Records from a dataset:
"""

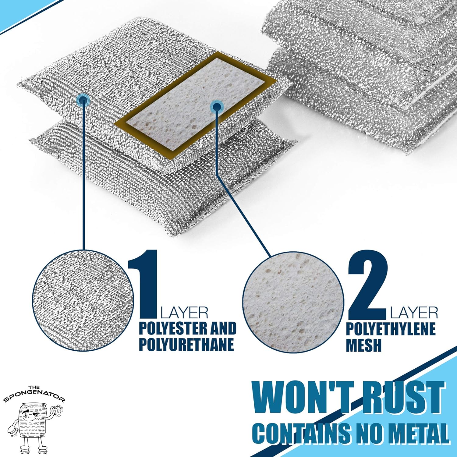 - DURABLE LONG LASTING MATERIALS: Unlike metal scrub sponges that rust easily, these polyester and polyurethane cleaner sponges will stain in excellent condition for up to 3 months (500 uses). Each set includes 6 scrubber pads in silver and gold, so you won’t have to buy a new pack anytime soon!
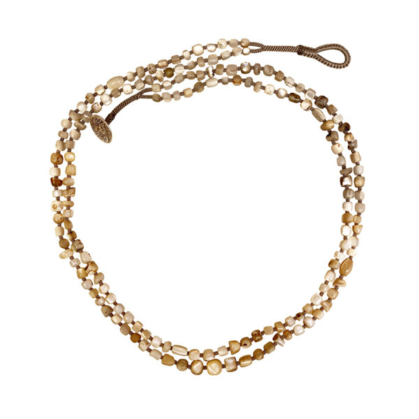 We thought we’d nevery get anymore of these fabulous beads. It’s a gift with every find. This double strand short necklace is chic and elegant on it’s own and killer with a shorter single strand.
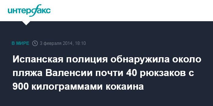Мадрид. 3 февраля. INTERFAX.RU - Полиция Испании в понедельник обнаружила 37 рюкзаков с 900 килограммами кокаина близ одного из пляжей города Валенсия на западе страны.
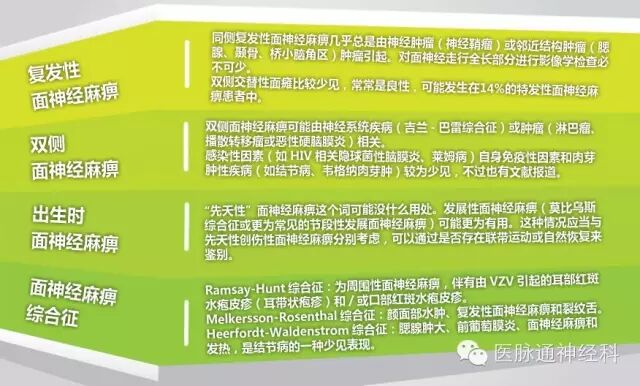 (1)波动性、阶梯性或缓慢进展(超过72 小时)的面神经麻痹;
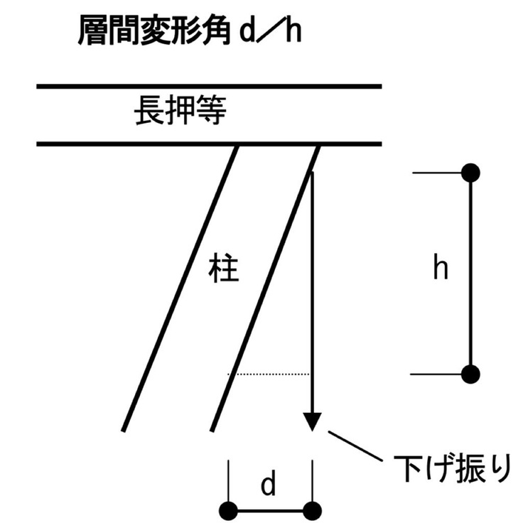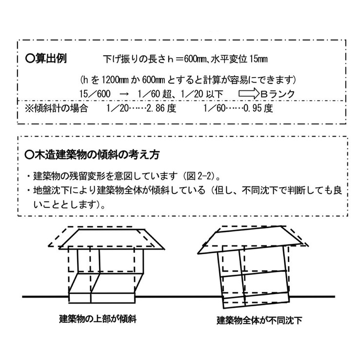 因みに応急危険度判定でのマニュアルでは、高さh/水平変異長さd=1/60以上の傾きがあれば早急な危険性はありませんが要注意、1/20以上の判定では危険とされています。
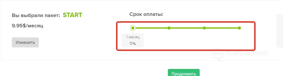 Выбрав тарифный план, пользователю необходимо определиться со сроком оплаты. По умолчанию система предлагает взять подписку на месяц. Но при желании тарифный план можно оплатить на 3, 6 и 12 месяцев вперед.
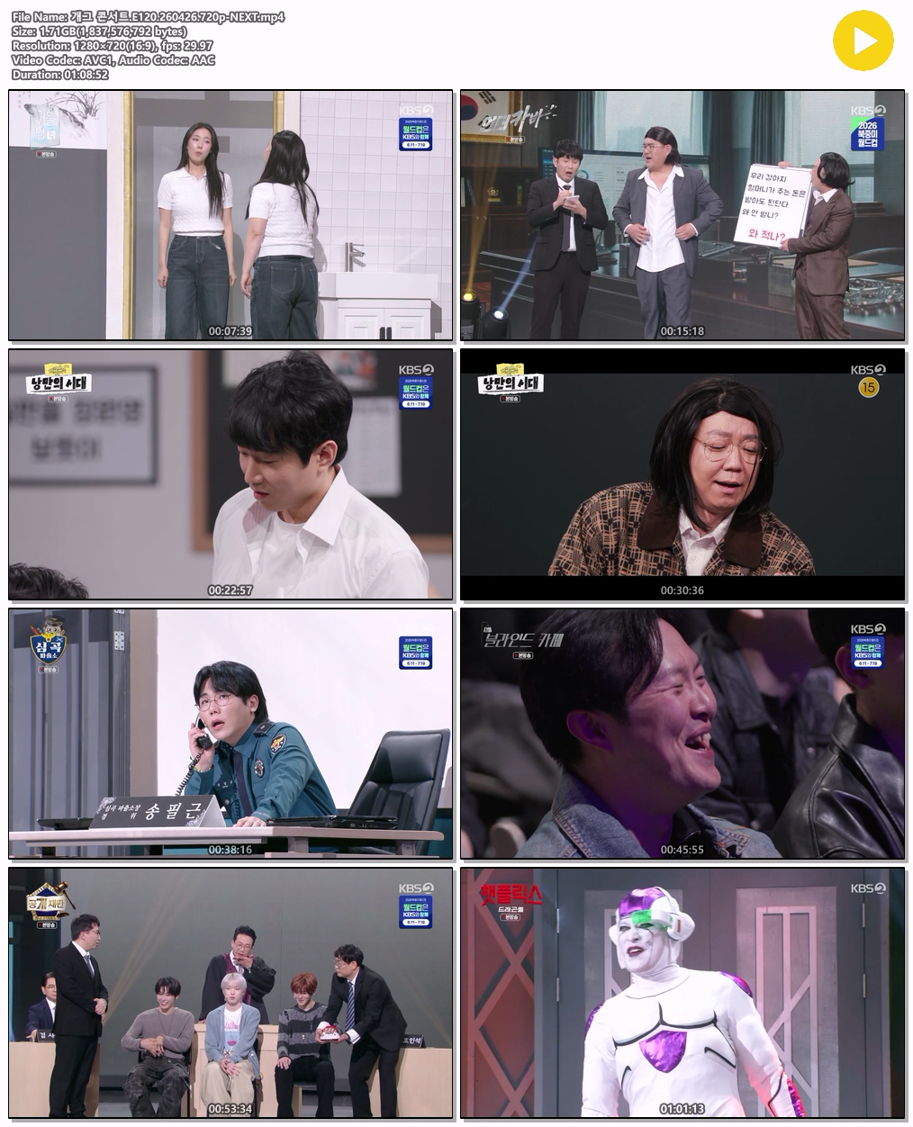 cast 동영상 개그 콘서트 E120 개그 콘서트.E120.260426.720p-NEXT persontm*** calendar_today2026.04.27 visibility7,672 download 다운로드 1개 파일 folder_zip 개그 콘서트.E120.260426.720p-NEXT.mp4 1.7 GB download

"""

= How to complete this task =
Where the line containing "Выбрав тарифный план, пользователю" appears in the entries above, start there and set down every line exactly through the last one, inclusive; omit pictures.

= Exercise result =
 Выбрав тарифный план, пользователю необходимо определиться со сроком оплаты. По умолчанию система предлагает взять подписку на месяц. Но при желании тарифный план можно оплатить на 3, 6 и 12 месяцев вперед.
 cast 동영상 개그 콘서트 E120 개그 콘서트.E120.260426.720p-NEXT persontm*** calendar_today2026.04.27 visibility7,672 download 다운로드 1개 파일 folder_zip 개그 콘서트.E120.260426.720p-NEXT.mp4 1.7 GB download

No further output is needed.